Mexicans. Hate us or love us, we’re fucking everywhere. From the barrios of Los Angeles and Houston to suburban Midwest, you can throw a fortune cookie out your window and hit 9 Mexicans. Other than the president building a wall between us and the motherland, being a Mexican isn’t so bad, but it isn’t all sunshine and rainbows either. Below are some of the pros and cons of being Mexican:
PRO: We can watch NARCOS without the subtitles
The life and times of Pablo Escobar. Narcos is one of the most badass shows in the history of history. One of the cool parts of being mexican is those of us who are bilingual can watch spanish shows without the need for subtitles.

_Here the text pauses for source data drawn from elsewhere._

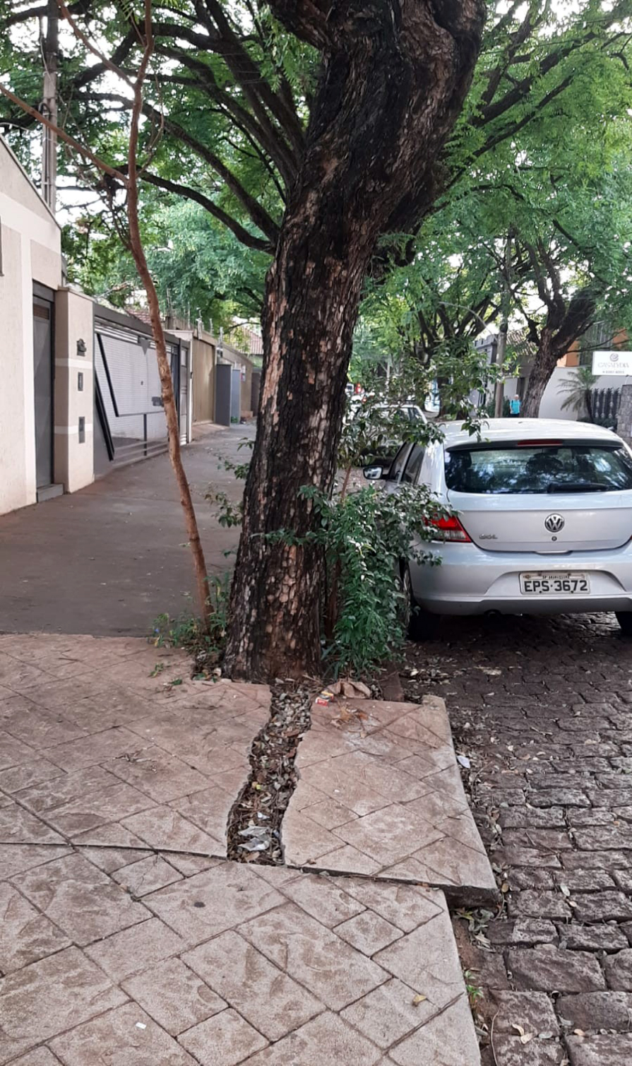 Veja novamente a situação das raízes das árvores e calçadas da Avenida Espanha, entre ruas 7 e 8 (Itália e Expedicionários do Brasil) e três árvores em um único buraco, só quebrando o concreto da calçada. Mas não deixem de ver a beleza e organização dos moradores da Avenida Feijó entre ruas 6 e 7 (Carlos Gomes e Itália), com o cuidado com suas árvores, o que deveria ser feito em toda a cidade.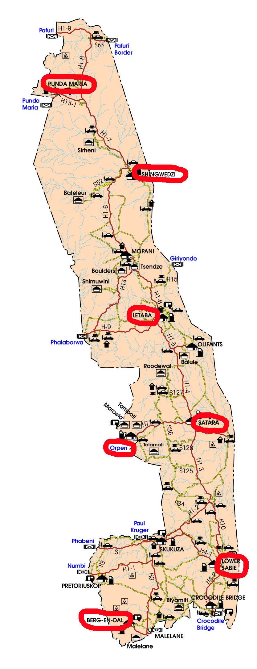 Kaye had previously spent a week in Kruger with her sister and their South African friend Judy, but Geoff had only visited the National Park on a day trip many years ago. This time we were to spend eleven nights in the park, driving from the northernmost gate (Pafuri) to the most southerly (Crocodile Bridge).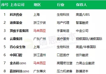2、按递表企业的行业来看,5 家(科济药业、顶级手套集团、云康健康、百心安生物、中国口腔医疗)来自医疗健康行业、1家(迪赛基业)来自房地产相关行业、2家(金吉祥、赢创科技)来自制造行业。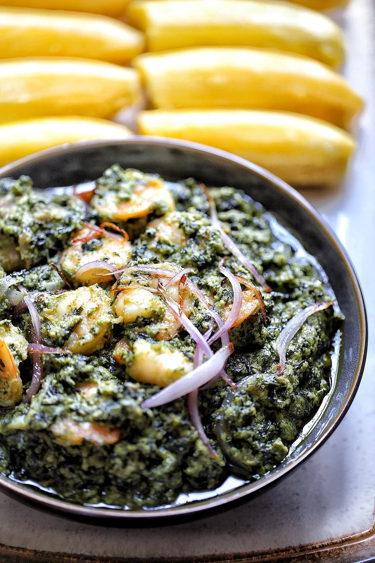 Ndolé gets its unique bitter-sweet taste from ndoleh leaves and ground peanuts. It is richer and often includes seafood or meat.

CON:All The Food is hot as fuck
Sure, there are dishes like enchiladas (which means full of chili) or tamales or tacos, which can be tolerable for even the most caucasian of tongues. But 99% of real authentic mexican dishes are simply piles of surface-of-the-sun temperature spice bombs, where even the slightest hint of flavor is overpowered by the brain melting heat of pureed peppers imported directly from hell. Real mexican food will turn your anus into a giant rectal canker sore.
PRO: Unhackable culture
Mexican heritage is rich in culture. From perfectly-creased dickies to lowriders throwing sparks as they scrape the ground, Chicano culture is alive and well and has been unshakable throughout the years. The American southwest is a hotbed for Mexican culture and once you experience it, it’s an experience unlike any other.

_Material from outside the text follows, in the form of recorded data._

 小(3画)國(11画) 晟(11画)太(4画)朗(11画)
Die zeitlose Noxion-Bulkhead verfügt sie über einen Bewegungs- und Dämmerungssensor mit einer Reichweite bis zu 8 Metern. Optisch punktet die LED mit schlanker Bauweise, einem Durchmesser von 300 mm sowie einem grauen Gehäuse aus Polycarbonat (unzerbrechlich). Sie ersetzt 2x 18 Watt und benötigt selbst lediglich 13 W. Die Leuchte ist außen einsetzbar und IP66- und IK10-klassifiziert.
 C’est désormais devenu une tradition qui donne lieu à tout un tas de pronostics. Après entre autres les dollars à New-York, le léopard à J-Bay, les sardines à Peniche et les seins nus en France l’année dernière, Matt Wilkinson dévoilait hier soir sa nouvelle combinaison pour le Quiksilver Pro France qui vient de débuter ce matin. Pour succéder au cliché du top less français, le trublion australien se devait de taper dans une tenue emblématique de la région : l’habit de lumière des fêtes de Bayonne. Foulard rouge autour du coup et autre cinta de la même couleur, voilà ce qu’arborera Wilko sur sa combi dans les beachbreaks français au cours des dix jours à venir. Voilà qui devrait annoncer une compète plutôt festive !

CON: All the women are batshit crazy
Vengeful women will slap you, hit you, scratch you, and even destroy your shit. But Mexican women are a whole new level of mental. A mexican woman will replace your mouth wash with pine sol, cut your brake lines, stab you with scissors, and then stab herself with the same scissors and call the police and say you did it. Then bail you out the next day and cook you a bomb ass dinner. Being in a relationship with a mexican woman is like a real life version of a Quinton Tarantino movie, you don’t know what the fuck is going to happen next.
PRO : There’s a food spell for everything
Have a fever? Rub an egg all over your body and put it under the bed. Have a cold? Put a slice of onion in your sock. Mexicans have their own brand of food sorcery that is sure to cure every ailment.
CON: We Have absolutely zero fucking concept of moderation
Theres a reason every mexican you know is either skinny and eats like a bird , or a Texan version of notorious BIG. The same reason they either don’t drink at all, or they have 2 cases of natural light gone before the sun comes up. Mexicans have zero concept of moderation, it’s all or nothing. This is a good thing when it comes to working hard and pursuing goals, but when it comes to vice this lack of moderation can be a caveat.
PRO: Mexicans are too busy fighting other mexicans to be prejudice against any other race.
George Lopez found himself on the hot seat and on my personal shit list recently. He said mexican families have two rules, don’t park in front of our house and dont marry a black person. He’s full of shit. Mexicans and blacks have been working together since the beginning of time and in Mexico and the American southwest it’s no different. Hit up a random barbecue in Texas and tell me mexicans dont marry blacks. Pedro is too worried about that pendejo cowboys fan talking shit about his raiders to worry about a black guy.